Let the size of s be n, let the number of elements in words be m, let the length of a word in words be w. It follows that every concatenated substring will have length m * w. We can brute force a solution as follows:

load all words into a hashmap total
For each length m * w substring of s, split into length w pieces, add the pieces to a new hashmap prospect and check prospect == total
Return a vector of all the indices where step 2 is true. Putting these steps into code, we get this solution:

class Solution{
public:
	vector<int> findSubstring(string s, vector<string>& words){
		vector<int> res;
		if(words.size() == 0) return res;
		unordered_map<string, int> total;
		for(string& word: words){
			total[word]++;
		}
		int m = words.size();
		int w = words[0].size();
		for(int i = 0; i < s.size() - (m*w) + 1; ++i){
			unordered_map<string, int> prospect;
			int j = i;
			while(j < i + (m*w)){
				string word = s.substr(j, w);
				prospect[word] += 1;
				j+= w;
			}
			if(prospect == total) res.push_back(i);
		}
		return res;
	}
};

Runtime Analysis:

Building total: O(1) * m = O(m)
Building prospect and comparing with total: O(m*w) (There are (m*w) characters in both maps)
Iterating through s: O(n) Total Runtime: O(m) + O(n * m * w) = O(n * m* w)

Space Analysis:

total: O(m*w)
prospect: O(m*w) (n times) Space complexity is also O(m*n*w)

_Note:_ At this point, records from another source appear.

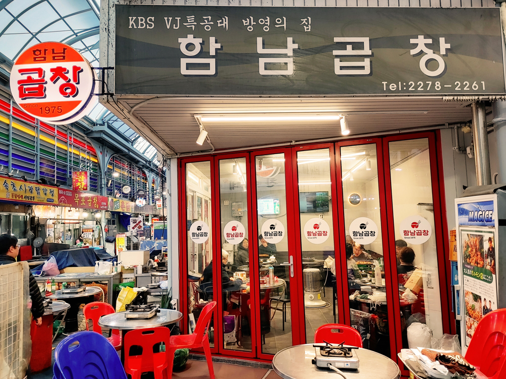 종로5가 종로신진시장에 자리한 돼지곱창 맛집 함남곱창입니다.
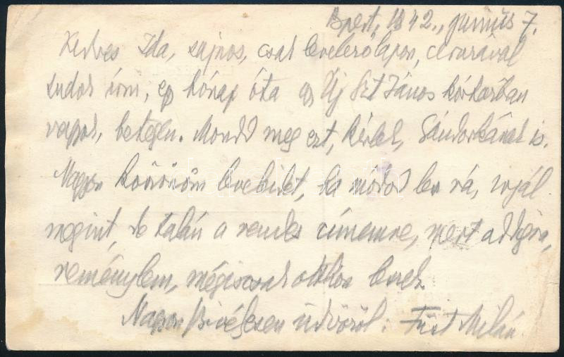 1942 Füst Milán (1888-1967) író, költő autográf levelezőlapja Solymos Ida (1922-1995) költőnek, melyben arról ír, hogy egy hónapja kórházban fekszik betegen.
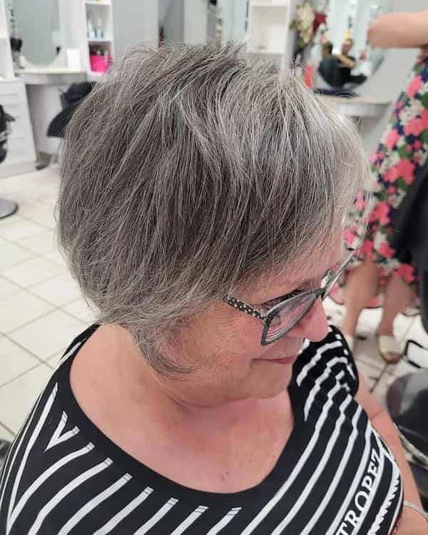 Glasses and bobs are a match made in style heaven, creating a polished and sophisticated appearance. A textured bob adds dimension to the hair while allowing glasses to complement the face rather than dominate it. Straight angles with soft layers enhance structure, and rich brunette or dark tones add depth to the cut. This style works particularly well for older women who want a refined yet approachable look. With the right styling products, the textured bob maintains its shape and fullness throughout the day, providing a chic, comfortable hairstyle.
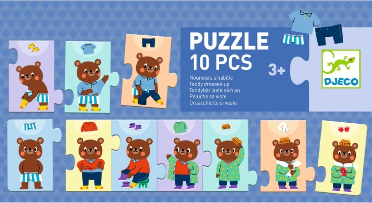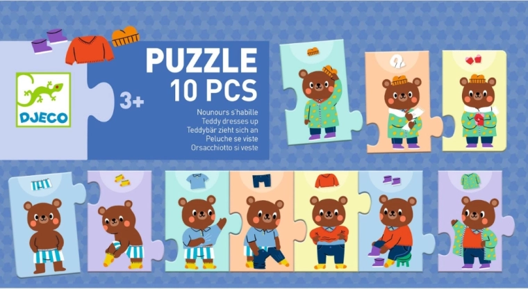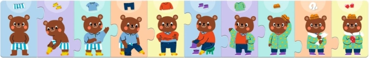 Zabavna otroška sestavljanka, v kateri otroci razvrščajo, kako se medvedek postopoma oblači. Idealna za razvoj fine motorike, logičnega razmišljanja in razumevanja zaporedja korakov. Vsebuje 10 trdnih kosov, kakovosten karton in ilustracije, ki otroke navdušujejo.
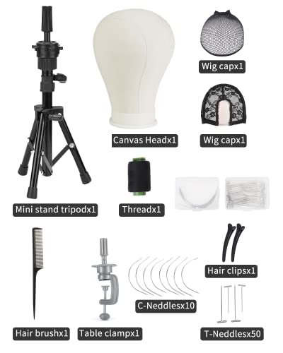 😀【About the Accessories】Pack included canvas wig head,table stand tripod and clamp,wig caps,pins set,hair brush and clips.Fully functional, there are all the accessories you need to practice making wigs.
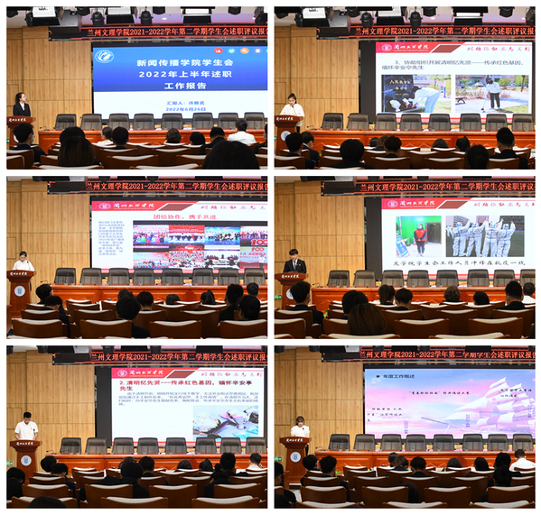 随后,校学生会主席团成员和各部门负责人进行了本学期工作的述职报告。大家总结成绩、分析不足,并提出了目标明确、切实可行的工作计划。述职评议结果将作为学生会工作人员评优选先的依据。
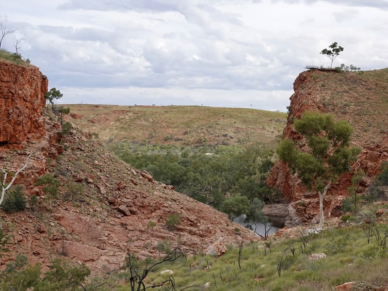 The viewing platform above the cliffs on the right-hand side of the gorge, as well as – in the middle of the picture – one of the buildings near the Ormiston Gorge camping grounds.
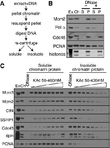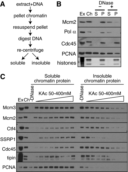 FIGURE 1. Protein release from replicating X. laevis chromatin. A, schematic representation of chromatin protein preparation procedure. B and C, chromatin was isolated from egg extract in the middle of S-phase (when replisome proteins peak on chromatin) in the presence of 50 mm potassium acetate, and DNA was digested by Benzonase and sonication. Ex, 0.5 μl of egg extract; Ch, chromatin after first centrifugation; other lanes correspond to material isolated from 5 μl of egg extract. B, chromatin was maintained in 50 mm potassium acetate throughout the procedure. P, pellet after DNA digestion; S, supernatant after DNA digestion. C, after DNA digestion, the salt concentration was adjusted to the 50, 100, 150, 200, 250, 300, 350, or 400 mm potassium acetate before samples were separated by centrifugation into soluble and insoluble (pellet) fractions. Fractions were separated by SDS-PAGE and immunoblotted with antibodies to the indicated proteins.
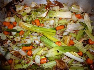 Add the veggies (mirpoix) to the roasting pan with the veal fat. Place back in the oven and roast till they too start to caramelize, stirring from time to time.
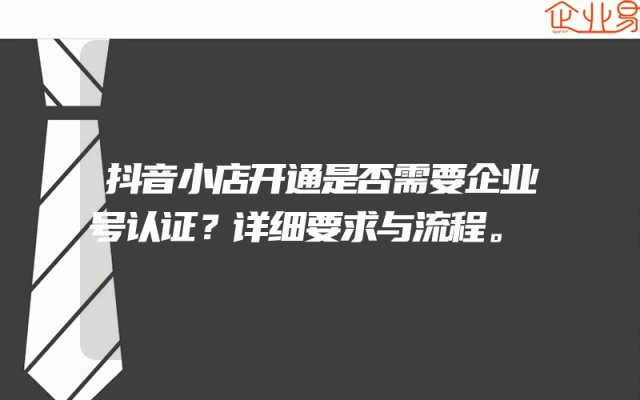 - 抖音小店开通是否需要企业号认证?详细要求与流程。
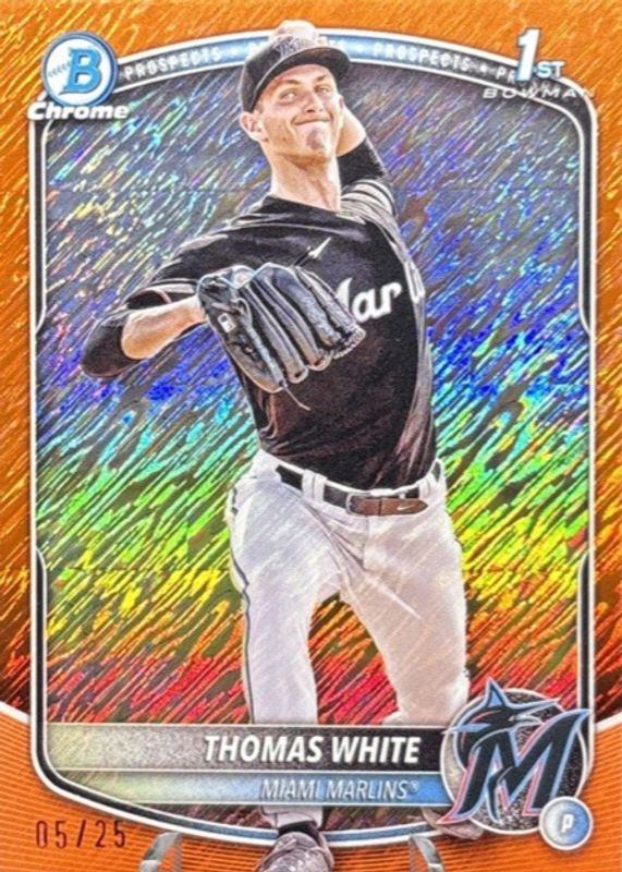 2025 Bowman Chrome 1st Thomas White - Orange Shimmer Refractor /25 Marlins
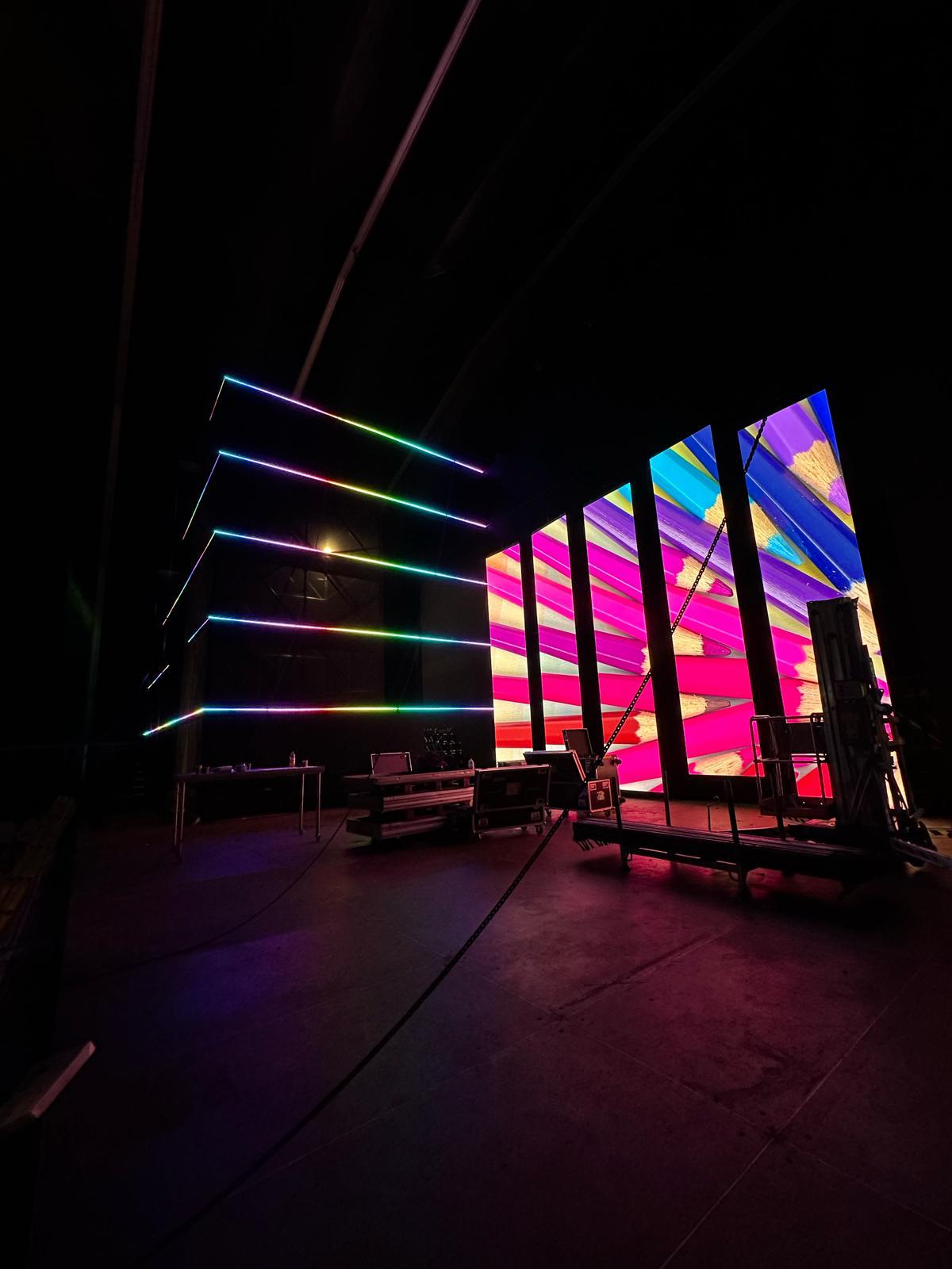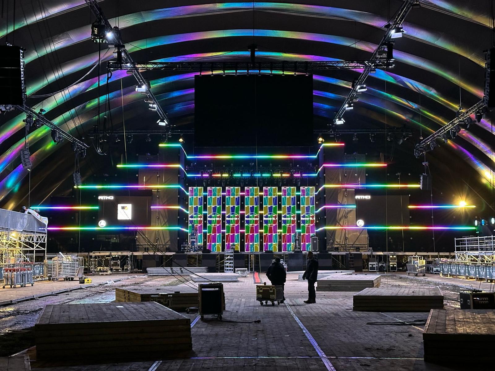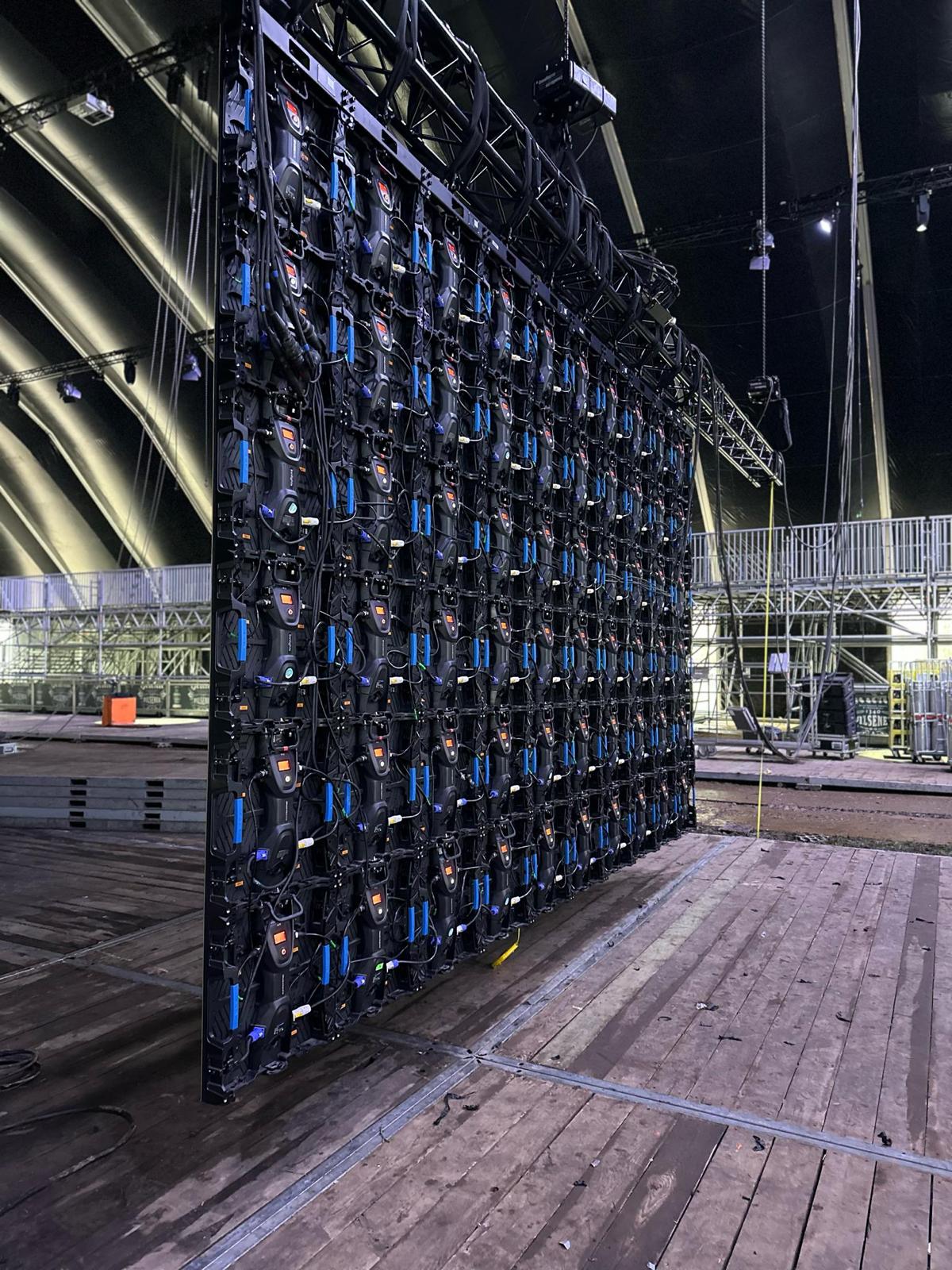 105 m² aan ledschermen (backdrop in 5 stroken, 2 side screens en 1 delay screen).
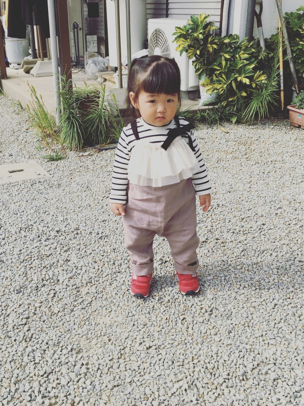 * 作家さんの手作りの サロペティーナ。 初めて着せたけど かわいすぎた\\\\٩( 'ω' )و //// そして安定の困り顔( ˘◦˘ )

Both space and time are cubic: can we do better? Looking at this solution, we do a lot of duplicate comparisons. if we create a map prospect and check all the internals against total, then discard it, we waste a lot of comparisons that we could have saved for future iterations…

Solution 2: Sliding Window Hashmap Comparison

We can use a sliding window approach to avoid duplicate comparisons. As before, let the size of s be n, let the number of elements in words be m, let the length of a word in words be w. Because hashmaps can only be recycled when the next hashmap begins a multiple of w away, we will need an outer loop of size n. Our solution has three steps:

Create a hashmap (total) of all strings in words, with higher values corresponding to more occurrences
Loop through all possible remainders (mod w). In each iteration:
1. create a new hashmap prospect, and a new string t
2. Create a loop of length n to loop through the characters in s. In each iteration:
  1. increment t until it is length w, then add t to prospect
  2. when your window size has reached the size of a concatenated string, check whether prospect == total. If it does, save the start of the window.
return the list of valid starting indices

Coding this up:

class Solution{
public:
	vector<int> findSubstring(string s, vector<string>& words){
		int n = s.size();
		int m = words.size(), w = words[0].size();
		unordered_map<string, int> total;
		
		for(string& word : words){
			total[word]++;
		}
		
		vector<int> res;
		for(int i = 0; i < w; i++){
			unordered_map<string, int> prospect;
			string t = "";
			for(int j = i, k = i; k < n; k++){
				t += s[k];
				if(t.size() == w){
					prospect[t]++;
					t = "";
				}
				if(k-j+1 == m*w){
					if(prospect == total)res.push_back(j);
					string remove = s.substr(j, w);
					if(prospect[remove] > 1) prospect[remove]--;
					else prospect.erase(remove);
					j+=w;
				}
			}
		}
		return res;
	}
};